Psoriasis is an autoimmune disease of the skin that results in patches of thick red skin with silvery scales. An autoimmune disease happens when your body’s immune system attacks your own body instead of attacking bugs. The word ‘psoriasis’ is derived from the Greek word ‘psora’ which means ‘itching’. 

In psoriasis, there is a rapid multiplication of skin cells (keratinocytes), much faster than normal leading to increased epidermal cell turnover. It is not a contagious disease and can not spread from person to person.

Pathophysiology

  • Autoimmune: Hyperproliferation may be due to immunological response by T helper cell (a type of lymphocyte).
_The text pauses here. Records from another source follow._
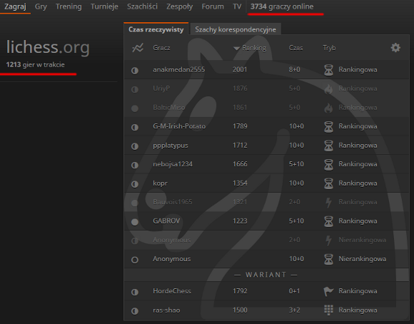 Serwer Lichess.org regularnie już przekracza próg 3 700 użytkowników i 1200 partii granych równocześnie. Gratulacje !
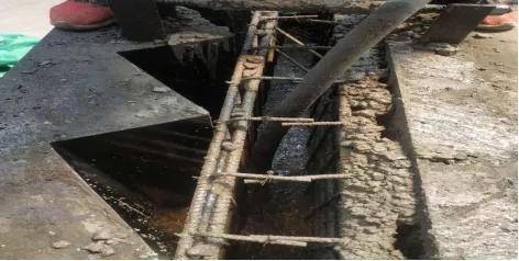 ②对凿除的部位用毛刷或气枪清理,并用水冲洗干净,充分湿润且不得有积水现象;
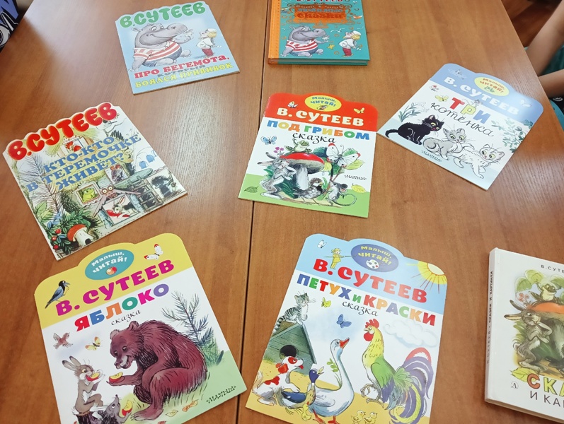 В библиотеке №6 с дошкольниками группы Удальцы прошел час сказки "Художник – сказочник-волшебник". Главный библиотекарь Раиса Мусина рассказала детям о творчестве знаменитого художника-сказочника Владимира Григорьевича Сутеева, которому 5 июля исполнилось бы 120 лет. Это один из самых известных художников детской книги. Он писал сказки правой рукой, а левой рисовал к ним картинки. На его сказках выросли несколько поколений читателей.
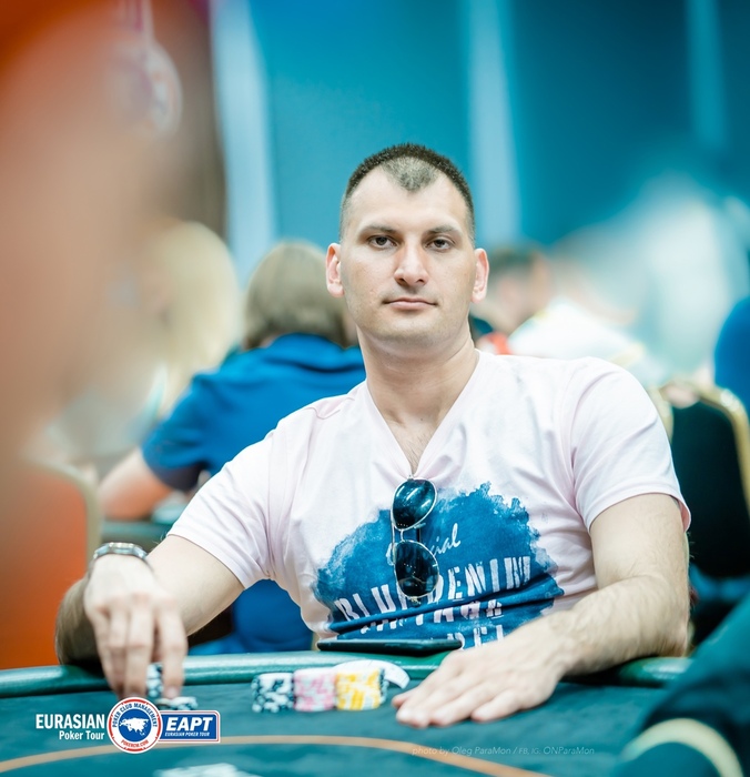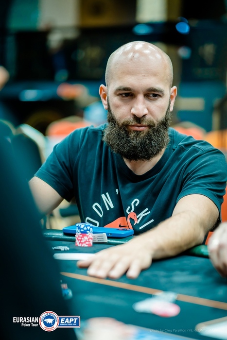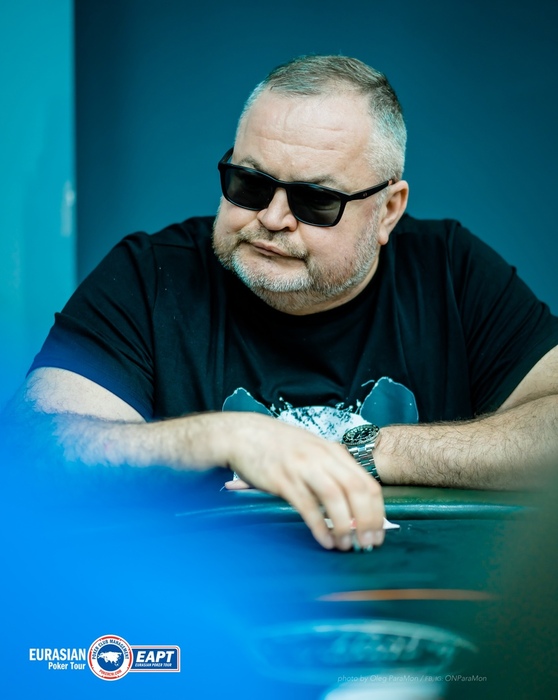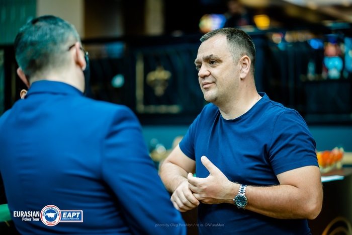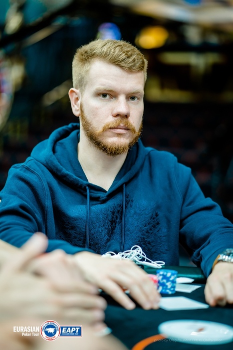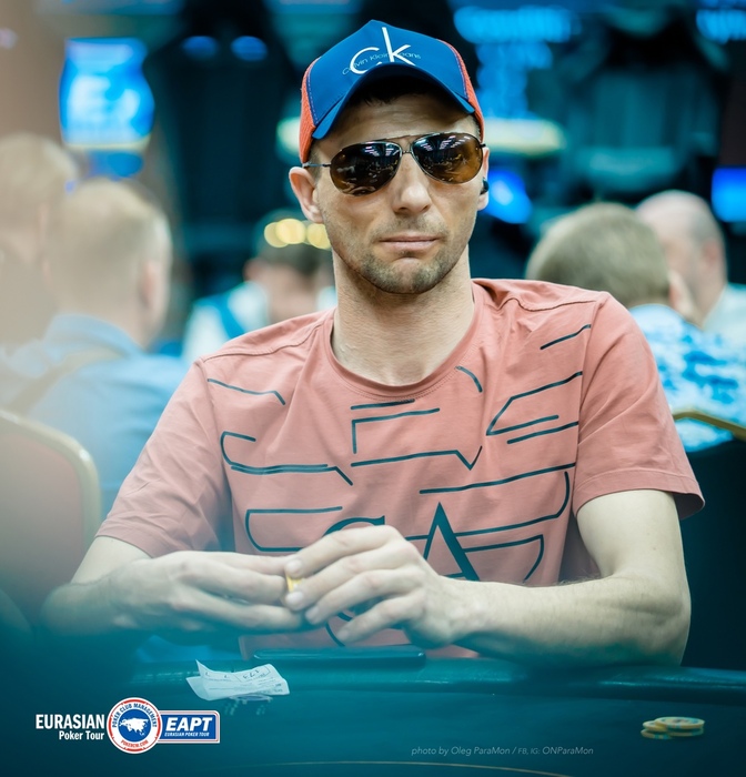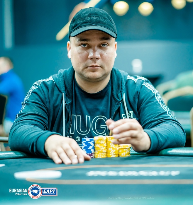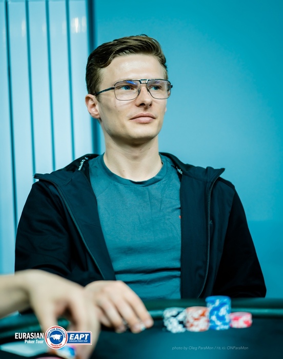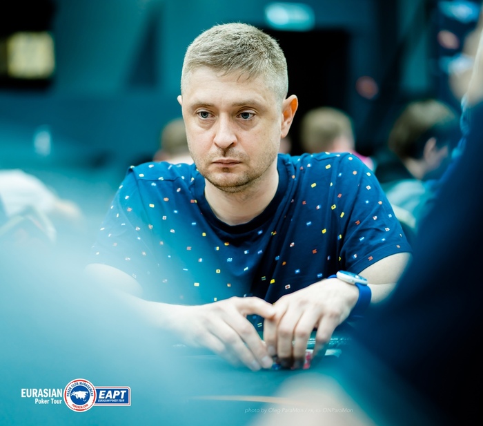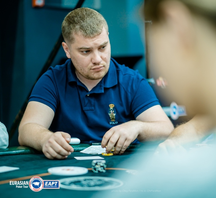 Александр Дмитриев открылся минимальным рейзом 12,000 из первой позиции, Александр Гаврилов - колл на второй, Марк Узденов - колл на третьей, Максим Полосьмак - колл в середине. "Ну, по старой схеме, не глядя", - объявил Александр Евстигнеев на большом блайнде и кинул вперёд все остававшиеся у него фишки (10,000).

Cytokines released by lymphocytes and Langerhans cells may further stimulate the inflammatory cells which cause epidermal cell turnover at an increased rate. 
  • Epithelial cells themselves produce cytokines that promote the proliferation of epithelial cells and attract lymphocytes.
  • Genetic: Factors such as HLA B13, HLA B17, and HLA CW6 are associated. 

Epidemiology

  • Incidence: The prevalence of psoriasis is  2-3 % in the United States. About 7.4 million of the American population are affected by psoriasis. There is high-level concordance (70%) in identical twins. 
  • Sex: It occurs equally in both males and females.
  • Age: Psoriasis appears in two peak ages, the first peak (early onset) occurs at 16-22 years of age and the second peak (late-onset) occurs in a person aged 57-60 years.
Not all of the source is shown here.